START Raw data

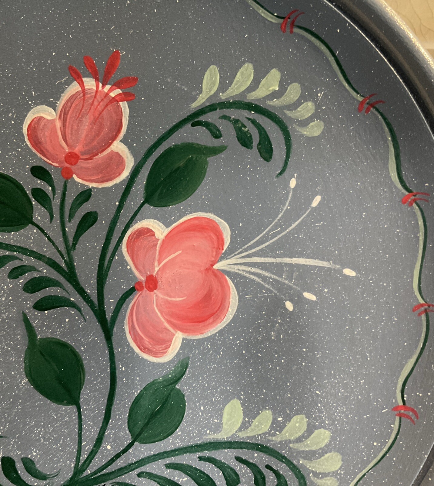 • Hand Painted Folk Art Scandinavian Rosemaling Wood PLATE floral, signed
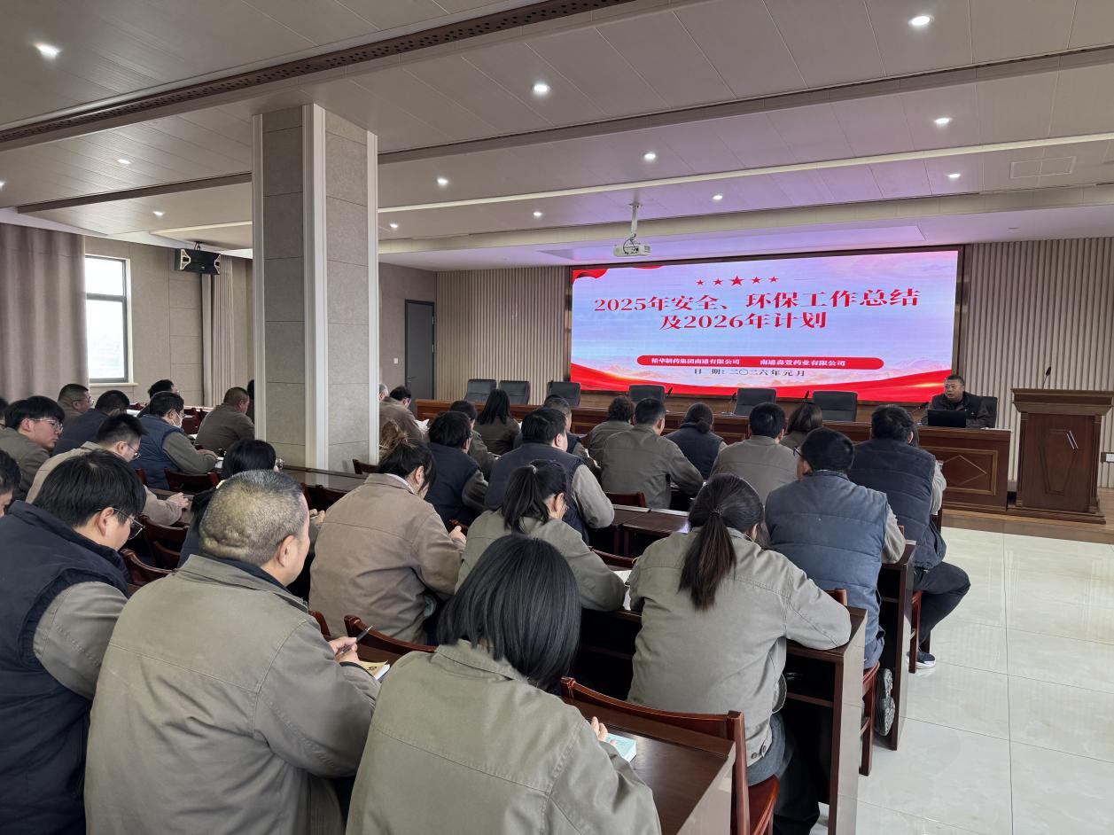 1月8日下午,精华制药、南通森萱召开2025年度安全环保工作总结暨2026年安全环保工作计划会议,公司经营层、各部门(车间)负责人、主管及安全员参会。
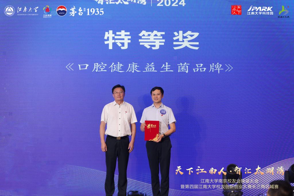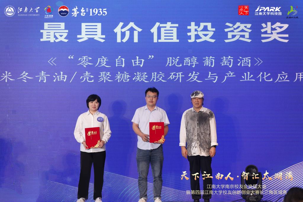 经过前期报名筛选,本次长三角区域赛共有15个优质项目参与角逐,各参赛项目就产业现状、关键技术、核心团队、产品优势及市场前景等进行介绍展示,最终7个项目获得本场大赛奖项,将晋级第四届江南大学校友创业大赛总决赛。“口腔健康益生菌品牌”获得特等奖。“超分子弹性蛋白:未来生物医药材料的革新者”获得一等奖。“‘向未来,赋新生’新能源汽车拧紧装配和纯电全地形车(E-ATV)”等2个项目获得二等奖。“低长径比低温常压再生胶成套设备及工艺技术”等3个项目获得三等奖。“纳米冬青油/壳聚糖凝胶研发与产业化应用项目和‘零度自由’脱醇葡萄酒”等2个项目获得最具投资价值奖。

END Raw data

| Prompt |
At the line containing "1月8日下午,精华制药、南通", start reproducing exactly, and stop after the last line of the listing; include both ends, and leave the pictures out.

| Written answer |
 1月8日下午,精华制药、南通森萱召开2025年度安全环保工作总结暨2026年安全环保工作计划会议,公司经营层、各部门(车间)负责人、主管及安全员参会。
 经过前期报名筛选,本次长三角区域赛共有15个优质项目参与角逐,各参赛项目就产业现状、关键技术、核心团队、产品优势及市场前景等进行介绍展示,最终7个项目获得本场大赛奖项,将晋级第四届江南大学校友创业大赛总决赛。“口腔健康益生菌品牌”获得特等奖。“超分子弹性蛋白:未来生物医药材料的革新者”获得一等奖。“‘向未来,赋新生’新能源汽车拧紧装配和纯电全地形车(E-ATV)”等2个项目获得二等奖。“低长径比低温常压再生胶成套设备及工艺技术”等3个项目获得三等奖。“纳米冬青油/壳聚糖凝胶研发与产业化应用项目和‘零度自由’脱醇葡萄酒”等2个项目获得最具投资价值奖。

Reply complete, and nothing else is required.